Managing XenServer VMs

Managing Snapshots, Backups, and Archives

Recommendation:

• We recommend that you consider if there is potentially sensitive data on the VM before configuring VM snapshots, backups, archives, or disaster recovery. Specifically, when you create the extra copy, be aware of the storage array’s security level, physical security, and who can access it.

• We recommend, if VM snapshots include sensitive data, applying the same level of security to all aspects of the archival or backup process as you would to the VM. For example, ensure the following are secured appropriately: the storage array for the snapshots or archives and the network used to send the archives.

• We recommend, when configuring scheduled snapshots of VMs using the CLI or backed up VMs using Disaster Recovery, carefully reviewing the RBAC roles assigned to administrators. Be aware of which administrators may be able to access the snapshots and mirrored Disaster Recovery site.

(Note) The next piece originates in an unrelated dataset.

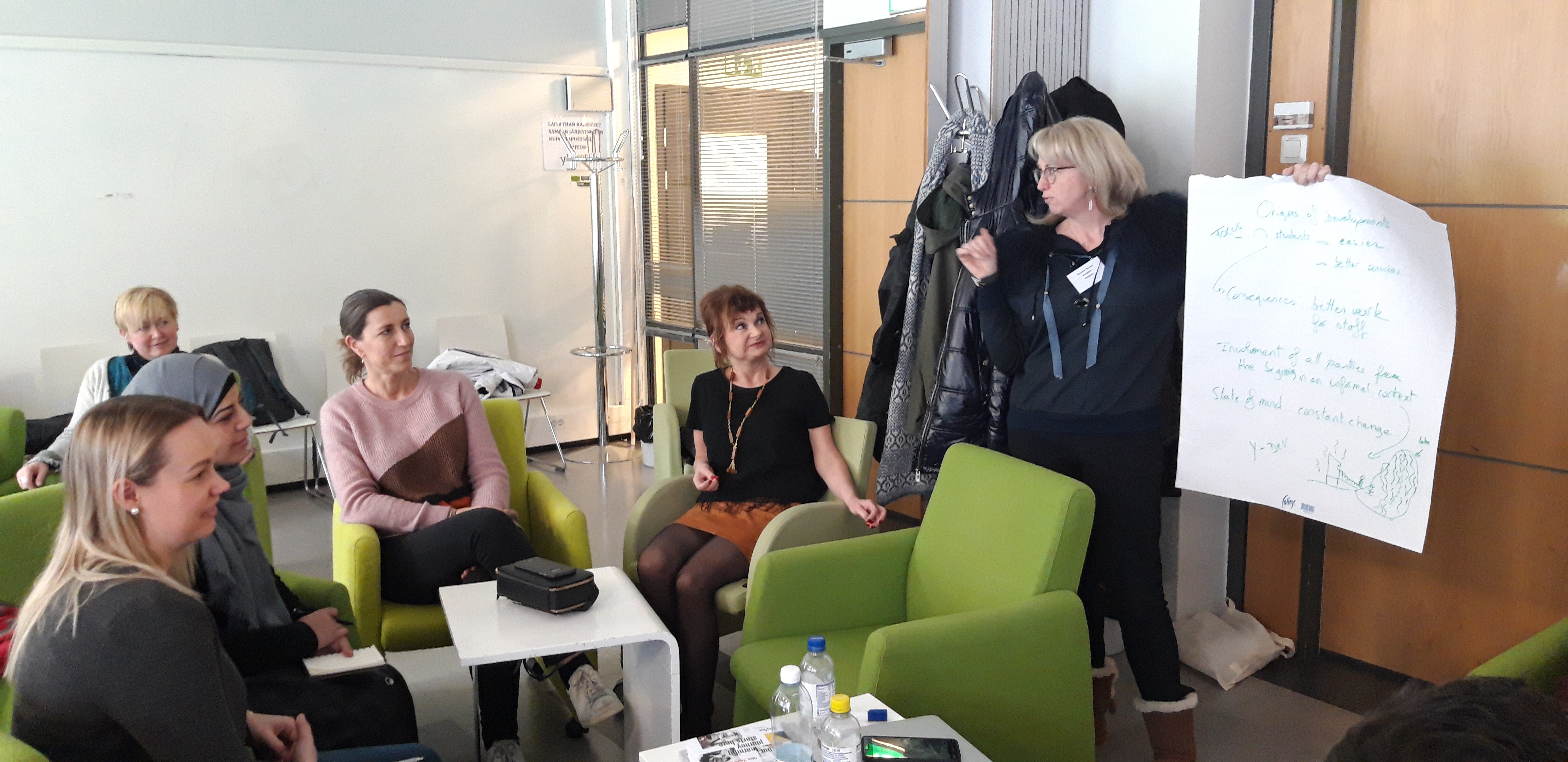 Our group discussed about the origins of the development – where does the need for the change/development come from? Focus on student means services should be easier and better. As a consequence, it means more effective and better use of worktime for staff too. Involvement of all parties should be from the beginning of the development project and it should be in an informal context. When talking about online systems to help our lives, it is important to keep the State of Mind: constant change!

  • Any administrator assigned an RBAC role of Pool Admin, Pool Operator, or VM Power Admin can start a snapshot taken from any VM in the pool (for which they have that role).

• We recommend, when backing up copies of VMs for storage, ensuring VMs containing sensitive information are backed up in a location with sufficient logical and physical security. In some cases, you may need to back up VMs containing sensitive data to a different location or configure different disaster recovery settings for sensitive VMs.

Scanning for Malware

Recommendation:

We recommend avoiding simultaneous virus scans on VMs.

Running simultaneous security scans on multiple VMs on a host can cause unnecessary spikes in resource usage. Unlike physical servers that typically have excess resource capacity, hosts are often run at maximum VM density so unexpected processes can potentially cause overloads – especially if features like Workload Balancing, which can balance virtual-machine loads across hosts, are not configured.

We recommend that, if supported, you configure your virus scanner to scan VMs randomly or download updates to VMs at different times. Some anti-virus applications have virtualization-aware features to help mitigate these issues.

Managing Dormant Virtual Machines

Recommendation:

• We recommend deleting any dormant, inactive VMs or actively monitoring, managing, securing, and including them in update cycles. Otherwise, they may potentially provide easy access to the environment.

• We recommend, when applying security updates, do not overlook VMs that are shut down or suspended. Failing to update any layer of software (for example, guest operating systems or workload applications), may leave security vulnerabilities and holes.

  Dormant VMs should be tracked and included in all security policies and updates.

Consider the following:

• Dormant virtual machines may contain sensitive data, such as credit card transactions or employee social-security numbers.

• Dormant VMs may not be included in the latest access policies, may not have the latest virus software, and may be inadvertently omitted from monitoring and virus updates. Consequently, organizations may believe their environments are secure when in reality they are vulnerable to known threats, which they believe they addressed.

Recommendation:

We recommend, depending on the risk profile of your environment (that is, if it has potentially dangerous or hostile traffic), if you must start a dormant VM that may be lacking significant security updates, start that VM on a network with restricted connectivity until the VM has a full complement of security updates.